Module stikpetP.effect_sizes.eff_size_common_language_is
Expand source code
from statistics import mean, variance, NormalDist
import pandas as pd
from scipy.stats import rankdata
def es_common_language_is(catField, scores, categories=None, levels=None, dmu=0, method="brute"):
'''
Common Language Effect Size (Independent Samples)

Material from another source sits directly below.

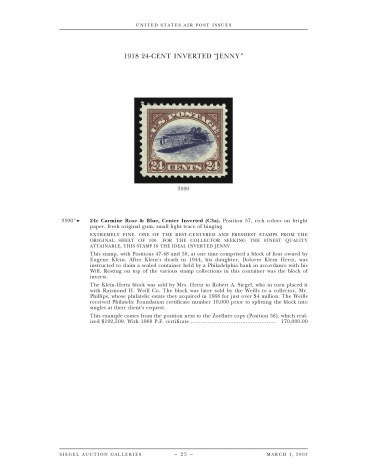 This example comes from the position next to the Zoellner copy (Position 58), which realized $192,500. With 1988 P.F. certificate

-----------------------------------------------
The Common Language Effect Size (a.k.a. Probability of Superiority) is the probability of taking a random pair from two categories, the first is greater than the first, i.e.
$$P(X > Y)$$
Note however that Wolfe and Hogg (1971) actually had this in reverse, i.e.
$$P(X \\leq Y)$$
Some will also argue to count ties equally to each of the two categories (Grissom, 1994, p. 282), which makes the definition:
$$P(X > Y) + \\frac{P(X = Y)}{2}$$
It was further developed by Vargha and Delaney (2000) especially in light of a Mann-Whitney U test.
For scale data, an approximation using the standard normal distribution is also available.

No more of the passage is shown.